Commissioner for the Administration for Native Americans
- In office June 21, 2018 – January 16, 2021
- President: Donald Trump
- Preceded by: Lillian Sparks
- Succeeded by: Patrice Kunesh

= Jeannie Hovland =

American government employee

Jeannie Hovland is a Santee Dakota Sioux tribal member and an American government official. Hovland serves as the vice chair of the National Indian Gaming Commission and is the director of the Office of Self-Regulation. She was previously the commissioner for the Administration for Native Americans and deputy assistant secretary for Native American affairs.

== Early life and education ==
Hovland is an enrolled member of the Flandreau Santee Sioux Tribe of South Dakota. She attended Associate Schools Inc. Travel Agent School in North Miami Beach, Florida.

== Career ==
Hovland is a Republican, and began her career as the CEO of Wanji Native Nations Consultants.
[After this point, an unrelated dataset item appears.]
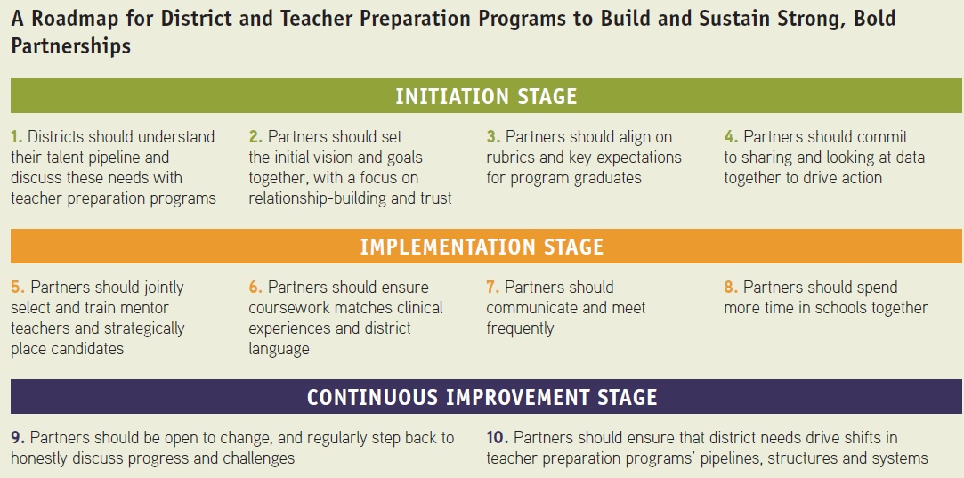 These stages provide an overview, but the report itself holds specific examples and advice from a number of national teacher preparation experts and features seven leading partnerships.

She later worked in the office of U.S. Senator John Thune as a Tribal Affairs Advisor. Hovland went on to serve as senior advisor to the Assistant Secretary for Indian Affairs at the Department of the Interior.

Since August 2021, Hovland has served as vice chair of the National Indian Gaming Commission (NIGC). She served as the OSR Director from May 2021 through July 2023. Hovland began her second three-year term at the agency on May
6, 2024, after first being appointed by the Secretary of the Interior on January 17, 2021. She is one of three commissioners responsible for regulating and ensuring the integrity of the more than 527 Indian gaming facilities, associated with over 250 tribes across 29 states.
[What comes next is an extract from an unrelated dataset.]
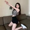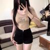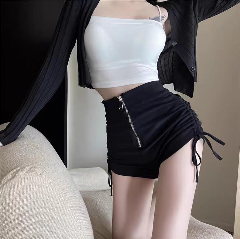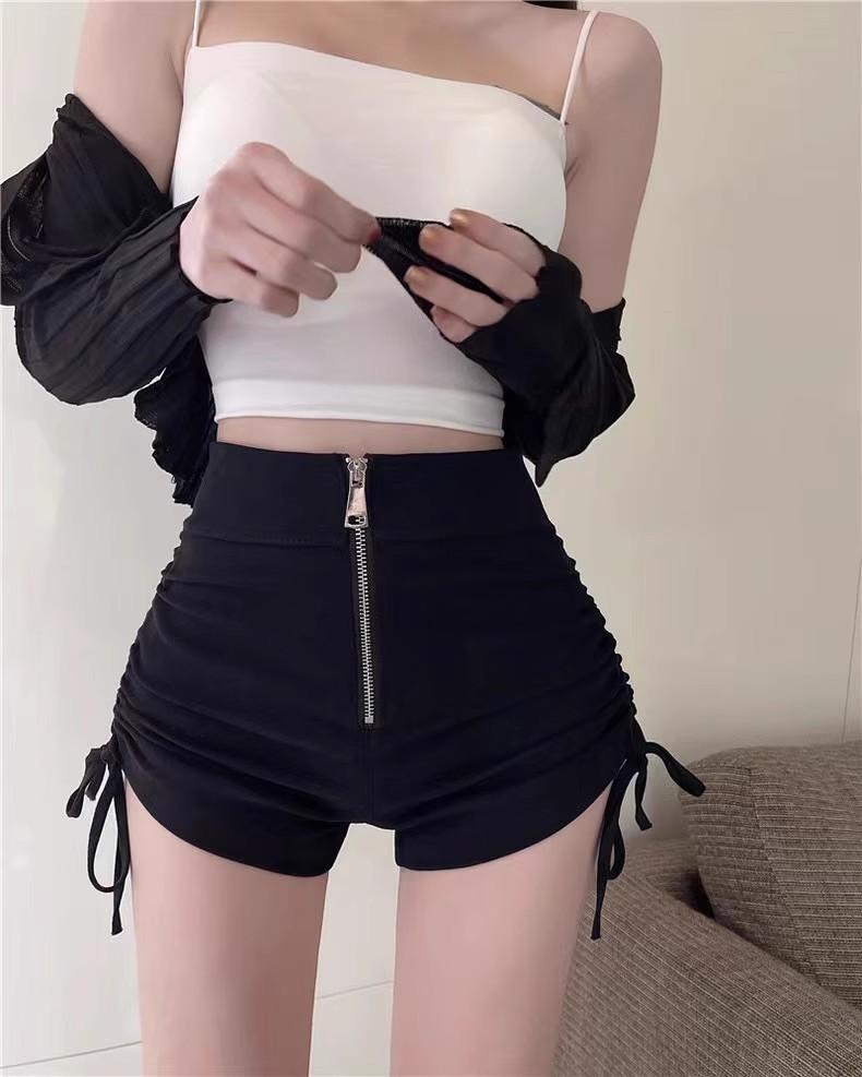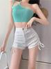 Pantalones cortos informales, ajustados, de cintura alta y corte A, con cordón ajustable, para verano, para mujer americana 2024

Before joining NIGC, Hovland served as Commissioner of the Administration for
Native Americans providing oversight of a $57 million annual operating budget
to promote self-sufficiency for American Indians, Alaska Natives, Native
Hawaiians, and Pacific Islanders. Hovland oversaw discretionary grants that
support social and economic development, Native language restoration and
revitalization, and environmental regulatory enhancement. Hovland created the
Social and Economic Development Strategies for Growing Organizations
program, which provides funding to strengthen internal governance structures and
build capacity for tribes and tribal organizations. She also served as Deputy
Assistant Secretary for Native American Affairs at the Administration for
Children and Families (ACF), a $58 billion operating division under the Department of Health and Human Services
(HHS). Hovland provided expert and "culturally appropriate" advice to the Assistant Secretary in the formulation of policy,
positions, and strategies affecting Native Americans.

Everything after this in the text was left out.